Supplied data Block Start
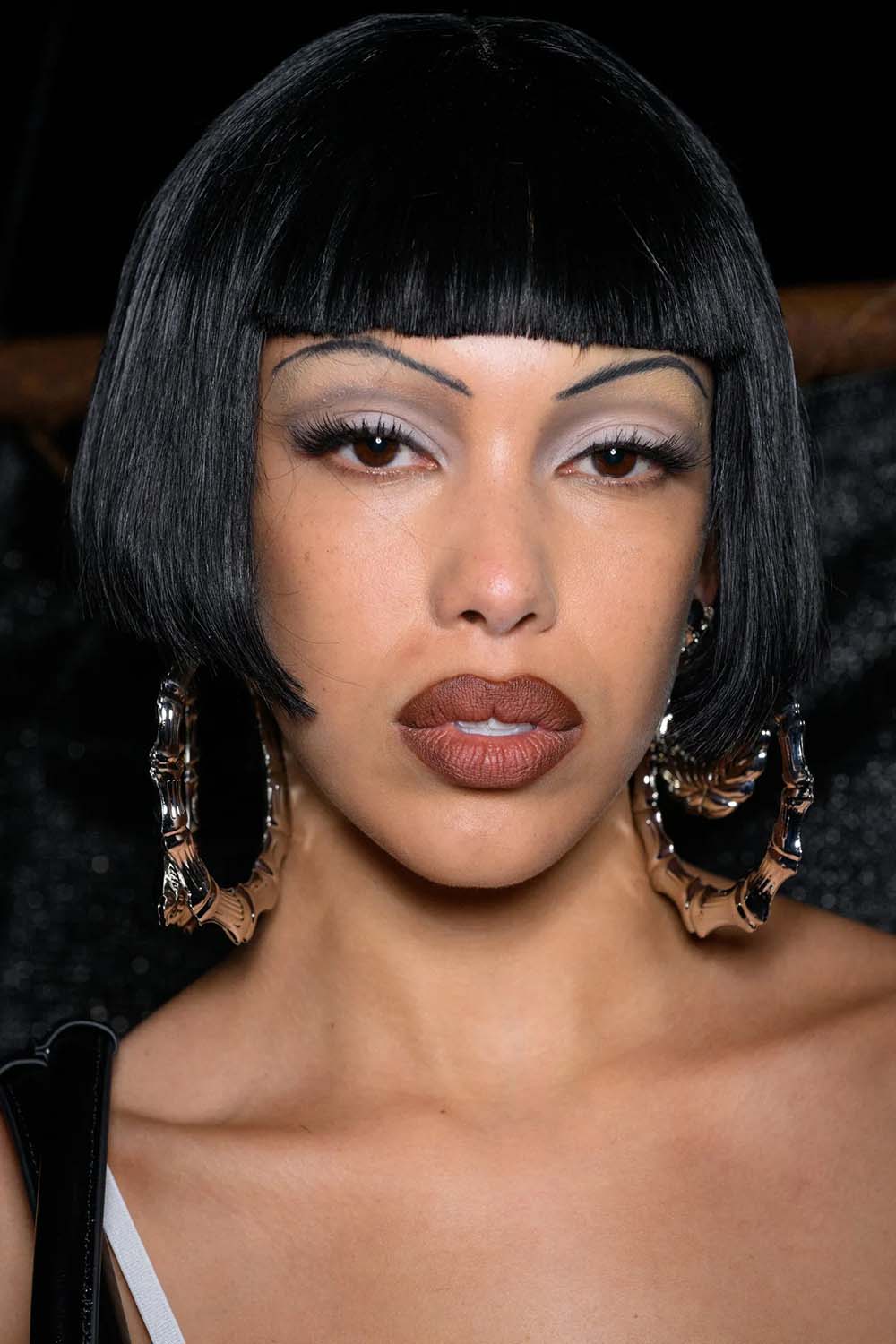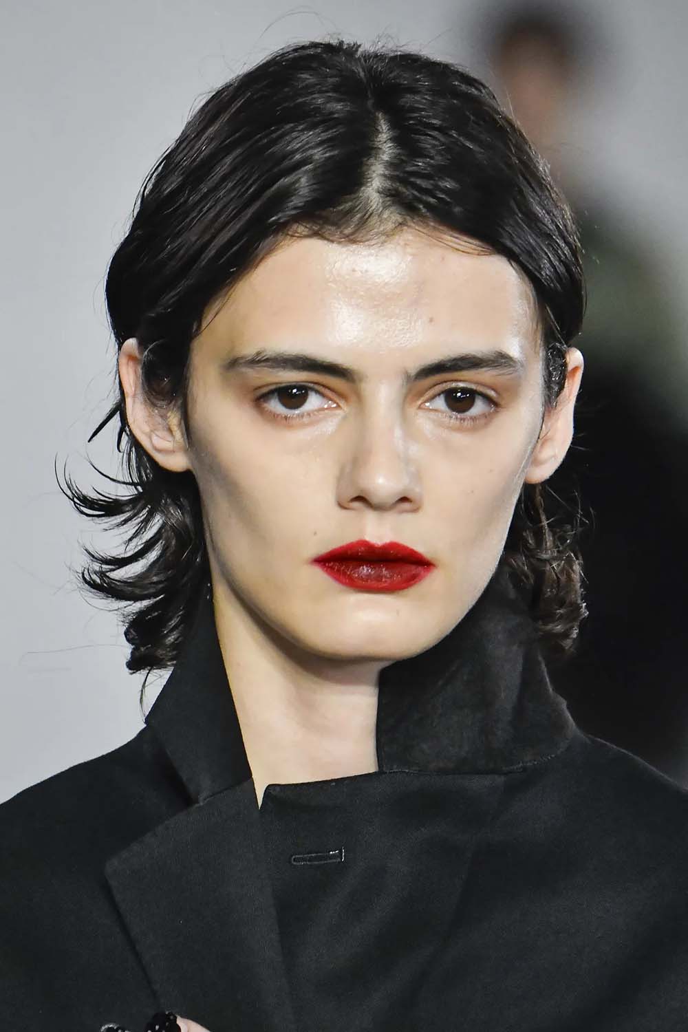 At Versace, Guido added blunt fringes, or razor-sharp bobs onto a handful of models, intermixed with bowl cuts to just skim the eyes and highlight the crimson feature lip.
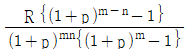 20. 제1회 수입은 m년 후에, 제2회부터는 n년마다 R원씩 영구히 얻을 수 있는 이자의 전가합계식은? (단, p는 연이율이다)
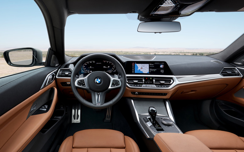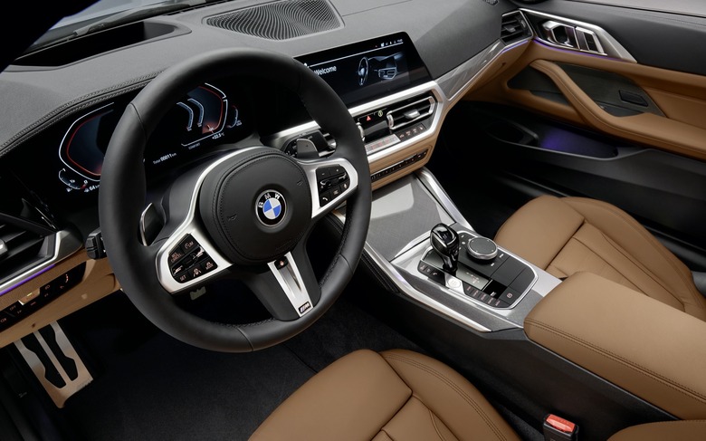 A leather-wrapped M Sport wheel with paddle shifters is standard, as is an 8.8-inch central touchscreen, an analog cluster with 5.1-inch display, 14-way power front seats, a power glass moonroof, wireless Apple CarPlay and Android Auto, and navigation. That Executive Package throws in heating for the wheel and front seats, ambient lighting, a head-up display, gesture control, and a full digital instrument cluster along with a larger 10.3-inch central screen. There's also auto climate control, WiFi hotspot, parking sensors, and keyless entry; $500 adds a wireless charging pad, and $875 upgrades to the Harman Kardon audio system.
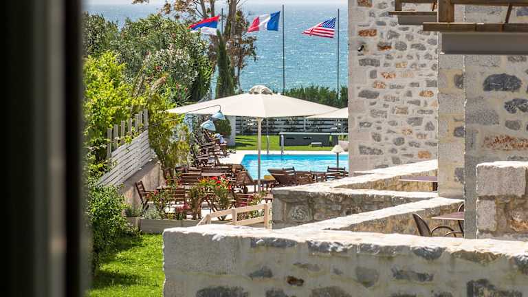 Das Thirides Beach Resort ist eine Unterkunft mit mehreren Steinbauten, die von angelegten Gärten umgeben sind. Der Komplex bietet einen Pool, ein Restaurant und zwei Bars, die eine angenehme Atmosphäre schaffen.
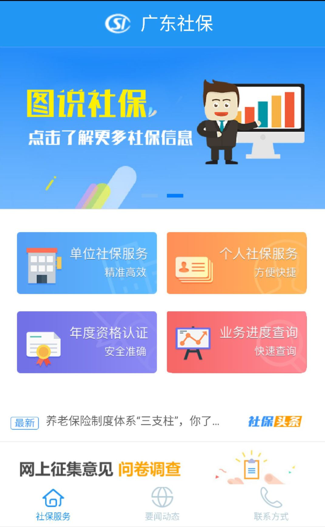 1.掃描二維碼下載“廣東社保”手機(jī)APP,打開(kāi)APP,在社保服務(wù)欄目?jī)?nèi), 點(diǎn)擊“個(gè)人年度資格認(rèn)證” 按鈕, 進(jìn)入服務(wù)界面。
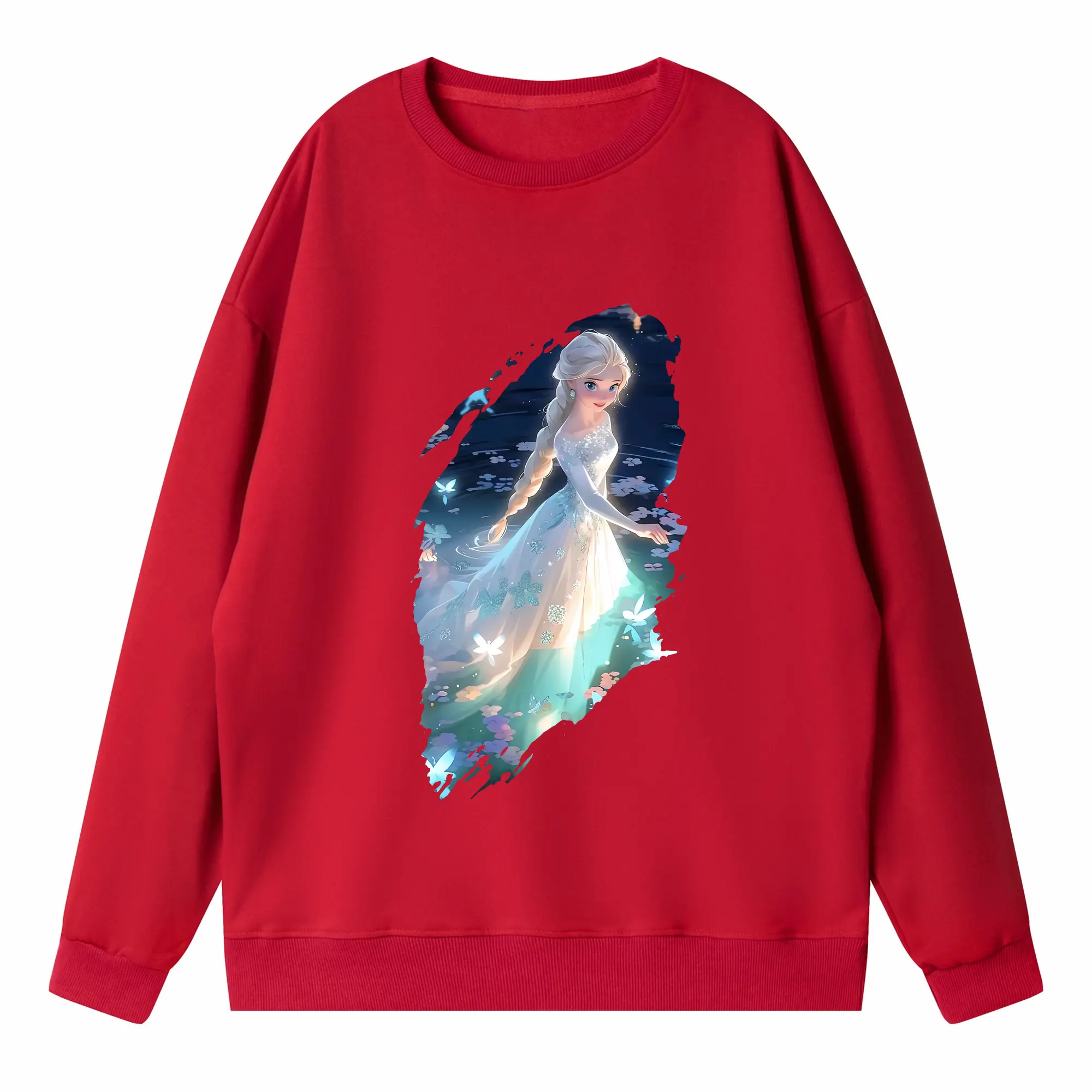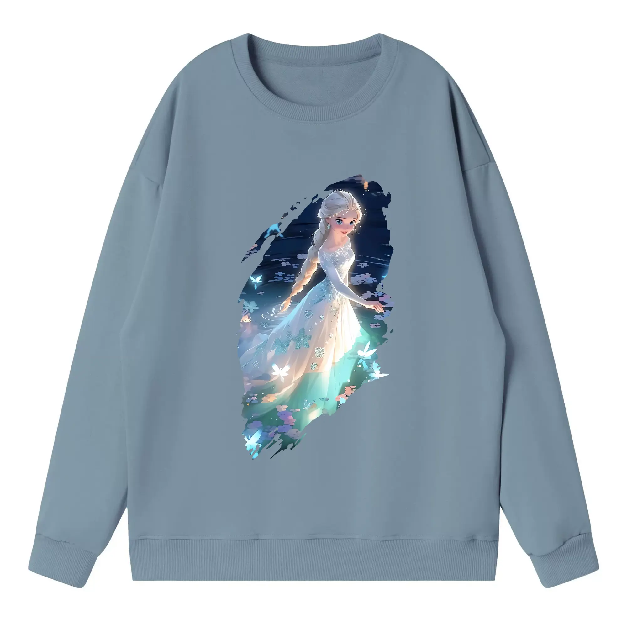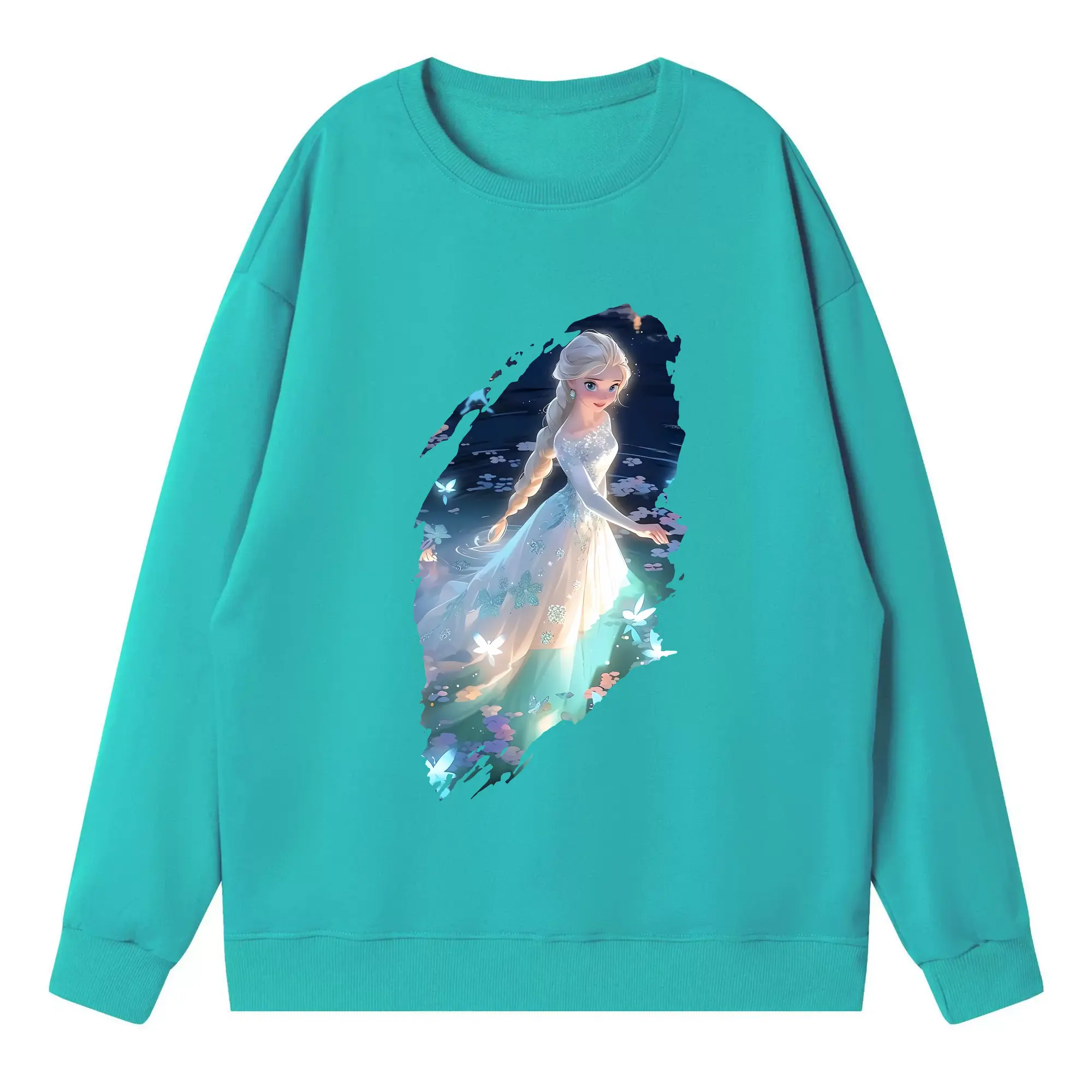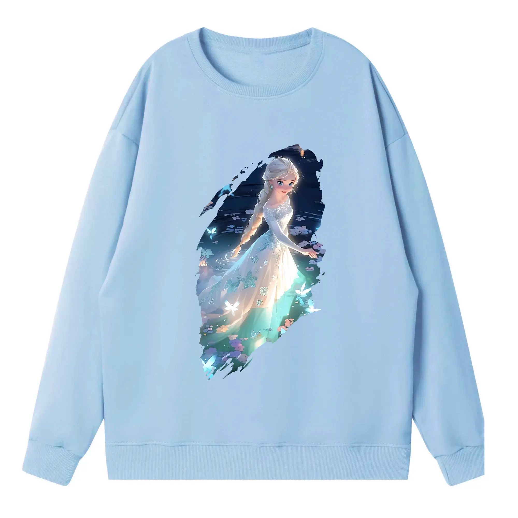 アナと雪の女王(Frozen) グッズ エルサ(Elsa) - 薄手 クルーネック スウェット 裏毛260g · ポリエステル 春秋向け カジュアル 男女兼用 · トレーナー デイリー スポーツ 散歩に最適
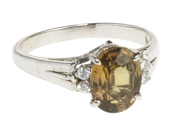 3454. *Bague sertie d'un saphir color change vert-brun taille ovale (2...
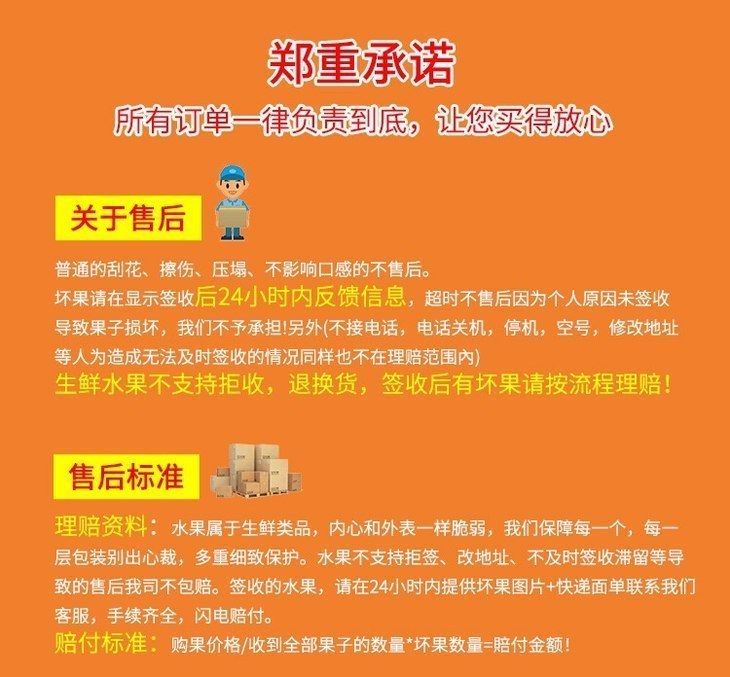 3、生鲜水果非标品众口难调,所有口感不好、品相不好、表皮轻微擦伤、地址不详、电话错误、乡镇地址、超区都不在售后范围。
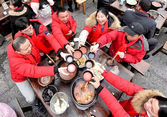 啟動儀式上,土家梯瑪大師舉行了新年祈福儀式,現場所有人戴上紅色圍巾,在祈福條上寫下自己的新年心願,全場高唱《我和我的祖國》,祝福祖國風調雨順,國泰民安。隨後開始的「千人同過土家年」圍攏宴會上,舉行了山歌敬酒、摔碗儀式、過火山等活動,大家歡聚一堂,載歌載舞,共同慶祝元霄燈會的開始。
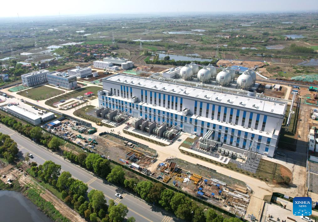 An aerial drone photo taken on April 9, 2024 shows a view of the 300 MW compressed air energy storage station in Yingcheng, central China's Hubei Province. (Xinhua/Cheng Min)?
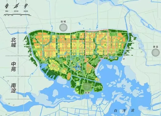 北城”即充分利用地势较高的北部区域,集中布局五个城市组团(启动区是第四城市组团),各组团功能相对完整,空间疏密有度,组团之间由绿廊、水系和湿地隔离;“中苑”即利用地势低洼的中部区域,恢复历史上的大溵古淀,结合海绵城市建设,营造湿地与城市和谐共融的特色景观。
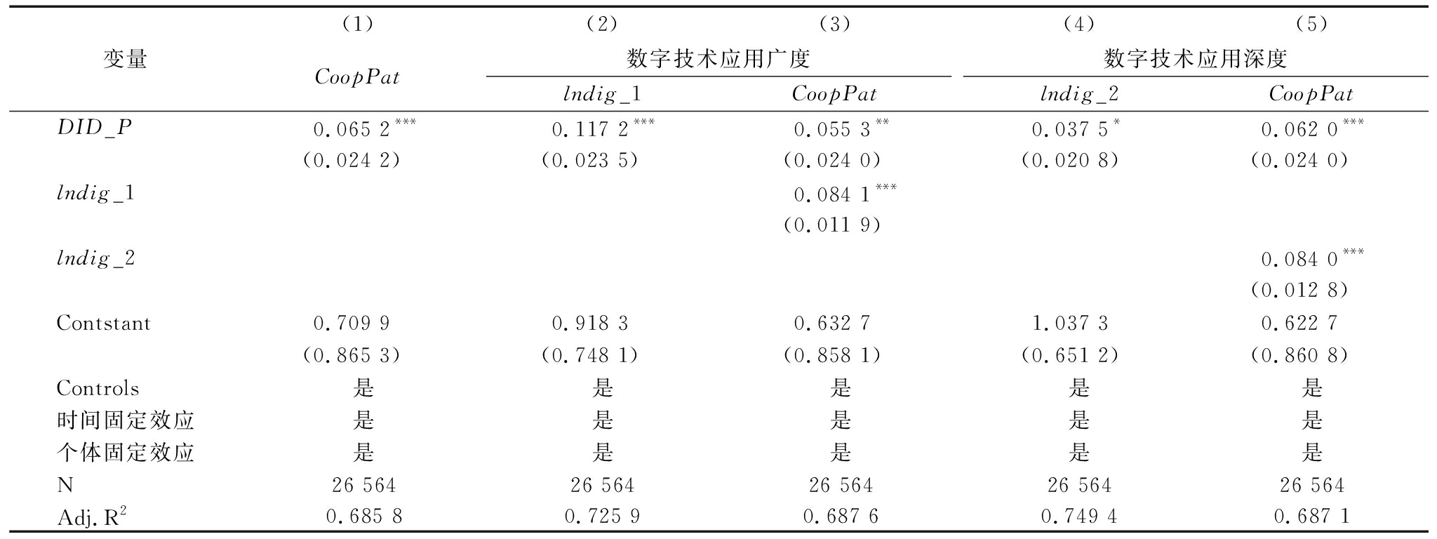 变量(1)CoopPat(2)(3)数字技术应用广度lndig_1CoopPat(4)(5)数字技术应用深度lndig_2CoopPatDID_P0.065 2***0.117 2***0.055 3**0.037 5*0.062 0***(0.024 2)(0.023 5)(0.024 0)(0.020 8)(0.024 0)lndig_10.084 1***(0.011 9)lndig_20.084 0***(0.012 8)Contstant0.709 90.918 30.632 71.037 30.622 7(0.865 3)(0.748 1)(0.858 1)(0.651 2)(0.860 8)Controls是是是是是时间固定效应是是是是是个体固定效应是是是是是N26 56426 56426 56426 56426 564Adj.R20.685 80.725 90.687 60.749 40.687 1
Supplied data Block End
Starting at the line containing "20. 제1회 수입은" and stopping at the line containing "アナと雪の女王(Frozen) グッズ エルサ(Elsa)", output each line exactly as it appears above. Leave out the pictures.

● **Written reply**:
 20. 제1회 수입은 m년 후에, 제2회부터는 n년마다 R원씩 영구히 얻을 수 있는 이자의 전가합계식은? (단, p는 연이율이다)
 A leather-wrapped M Sport wheel with paddle shifters is standard, as is an 8.8-inch central touchscreen, an analog cluster with 5.1-inch display, 14-way power front seats, a power glass moonroof, wireless Apple CarPlay and Android Auto, and navigation. That Executive Package throws in heating for the wheel and front seats, ambient lighting, a head-up display, gesture control, and a full digital instrument cluster along with a larger 10.3-inch central screen. There's also auto climate control, WiFi hotspot, parking sensors, and keyless entry; $500 adds a wireless charging pad, and $875 upgrades to the Harman Kardon audio system.
 Das Thirides Beach Resort ist eine Unterkunft mit mehreren Steinbauten, die von angelegten Gärten umgeben sind. Der Komplex bietet einen Pool, ein Restaurant und zwei Bars, die eine angenehme Atmosphäre schaffen.
 1.掃描二維碼下載“廣東社保”手機(jī)APP,打開(kāi)APP,在社保服務(wù)欄目?jī)?nèi), 點(diǎn)擊“個(gè)人年度資格認(rèn)證” 按鈕, 進(jìn)入服務(wù)界面。
 アナと雪の女王(Frozen) グッズ エルサ(Elsa) - 薄手 クルーネック スウェット 裏毛260g · ポリエステル 春秋向け カジュアル 男女兼用 · トレーナー デイリー スポーツ 散歩に最適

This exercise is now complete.